06 September 2013

Exclusion and Recognition

A 'right to be remembered' (or merely recognised) alongside the right to be forgotten?

In the short 'Big Data and Its Exclusions' Jonas Lerman argues that
Legal debates over the "big data" revolution currently focus on the risks of inclusion: the privacy and civil liberties consequences of being swept up in big data's net. This essay takes a different approach, focusing on the risks of exclusion: the threats big data poses to those whom it overlooks. Millions of people worldwide remain on big data's periphery. Their information is not regularly collected or analyzed, because they do not routinely engage in the sorts of behaviors big data is designed to capture. Consequently, their preferences and needs risk being routinely ignored when governments and private industry use big data and advanced analytics to shape public policy and the marketplace. Because big data poses a unique threat to equality, not just privacy, this essay argues that a new "data antisubordination" doctrine may be needed.
Lerman comments that -
Because existing equality law will not adequately curb big data’s potential for social stratification or bias, it may become necessary to develop a new equality doctrine—a principle of data antisubordination.

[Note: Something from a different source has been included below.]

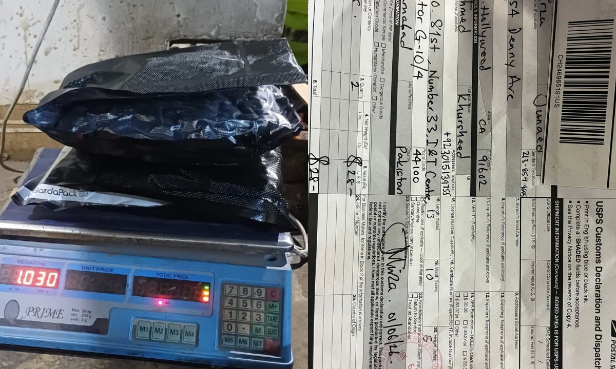 ایئر کارگو یونٹ نے3کروڑ روپے سے زائد مالیت کی چرس اسمگلنگ ناکام بنا دی January 16, 2026 یہ چرس امریکہ سے آنے والے ایک پارسل میں چھپائی گئی تھی، جسے جعلی طور پر “کتابیں” ظاہر کیا گیا…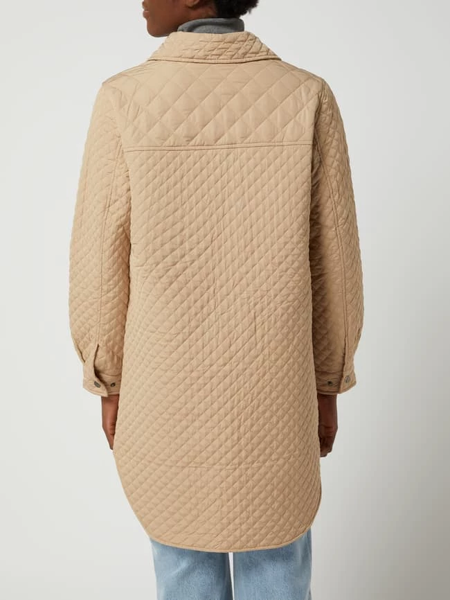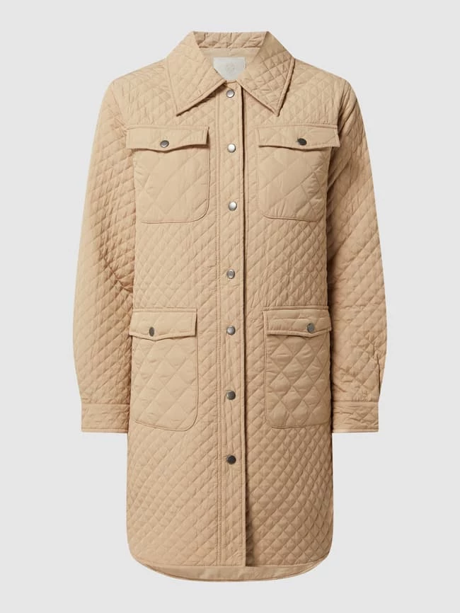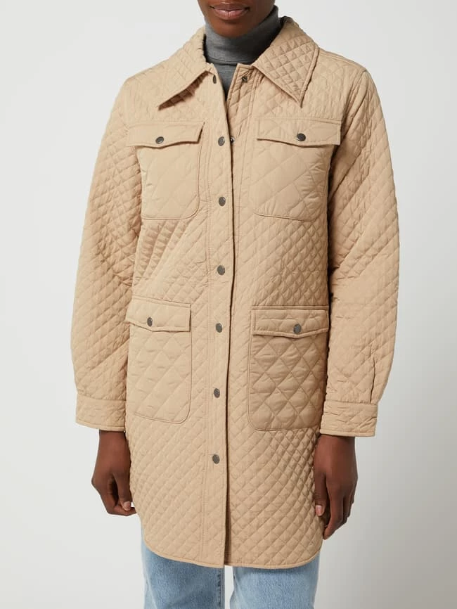 Der Steppmantel von Minus ist aus strapazierfähigem Material gefertigt. Er kommt in gerader Passform mit Umlegekragen, Druckknopfleiste und Wattierung.

Traditionally, U.S. antisubordination theorists have argued “that guarantees of equal citizenship cannot be realized under conditions of pervasive social stratification,” and “that law should reform institutions and practices that enforce the secondary social status of historically oppressed groups.” This antisubordination approach — what Owen Fiss called the “group disadvantaging principle” — may need to be revised, given big data’s potential to impose new forms of stratification and to reinforce the status of already-disadvantaged groups.
A data antisubordination rule would, at minimum, provide those persons who live outside or on the margins of dataflows some guarantee that their status as persons with light data footprints will not subject them to unequal treatment by the state in the allocation of public goods or services.
To be most effective, however, the principle would need to extend beyond state action. Big data’s largest private players exert an influence on societies, and a power over communications and the flow of information, that in previous generations only governments enjoyed. Thus, a data antisubordination principle would be incomplete unless it extended, in some degree, to the private sector. Once fully developed as theory, a data antisubordination principle could be enshrined in law by statute. Like GINA, it would be a civil rights law designed for potential embedded in powerful new technologies—threats that neither the Framers nor past civil rights activists could have envisioned.
In “The Right to Privacy,” their 1890 Harvard Law Review article, a young Louis Brandeis and co-author Samuel Warren observed that “[r]ecent inventions and business methods call attention to the next step which must be taken for the protection of the person.” The big data revolution, too, demands “next steps,” and not just in information privacy law. Brandeis and Warren’s “right to be let alone” — which Brandeis would later call the “most comprehensive of rights and the right most valued by civilized men” — has become an obsolete and insufficient protector. Even more modern information privacy principles, such as consent and the nascent “right to be forgotten,” may turn out to have only limited utility in an age of big data.
Surely revised privacy rules, norms, and standards will be needed in this new era. But they are insufficient. Ensuring that the big data revolution is a just revolution, a revolution whose benefits are broadly and equitably shared, may also require, paradoxically, a right not to be forgotten or let alone — a right against exclusion.